-- Source material --
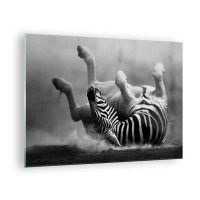 Billede på glas - En zebra ligger ned i den afrikanske savanne - 70x50cm - Ikke kun en hest ville grine - Moderne vægdekoration til stue og soveværelse ARTTOR
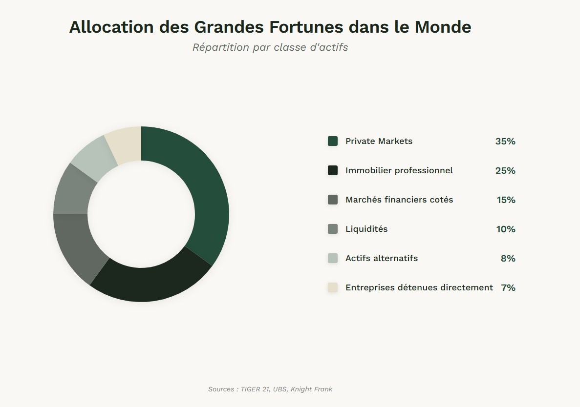 Une autre part — souvent la plus stratégique — repose sur le Private Equity : buy-out, growth, venture, infrastructures… Les grandes fortunes adorent cet actif. Pas parce qu’il sonne bien dans un dîner, mais parce qu’il surperforme historiquement les marchés cotés et qu’il leur permet d’être actionnaires de l’économie réelle.
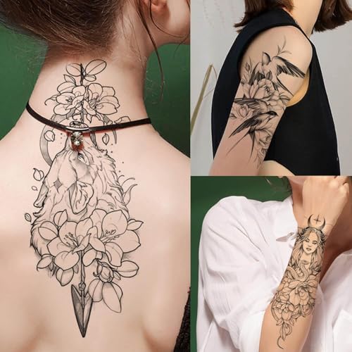 Generic - تاتو تيك 1 ورقة متوسطة شبه دائمة 21 × 4 سم، تاتو مؤقت بتصميم فني للبالغين، يدوم 1-2 اسبوع، مقاوم للماء، مظهر واقعي، بدون لاصق، بدون انعكاس (CH408)

-- Exercise --
Begin at the first line of the listing and print each line exactly. Stop after the line containing "Une autre part", and omit all pictures.

-- Exercise output --
 Billede på glas - En zebra ligger ned i den afrikanske savanne - 70x50cm - Ikke kun en hest ville grine - Moderne vægdekoration til stue og soveværelse ARTTOR
 Une autre part — souvent la plus stratégique — repose sur le Private Equity : buy-out, growth, venture, infrastructures… Les grandes fortunes adorent cet actif. Pas parce qu’il sonne bien dans un dîner, mais parce qu’il surperforme historiquement les marchés cotés et qu’il leur permet d’être actionnaires de l’économie réelle.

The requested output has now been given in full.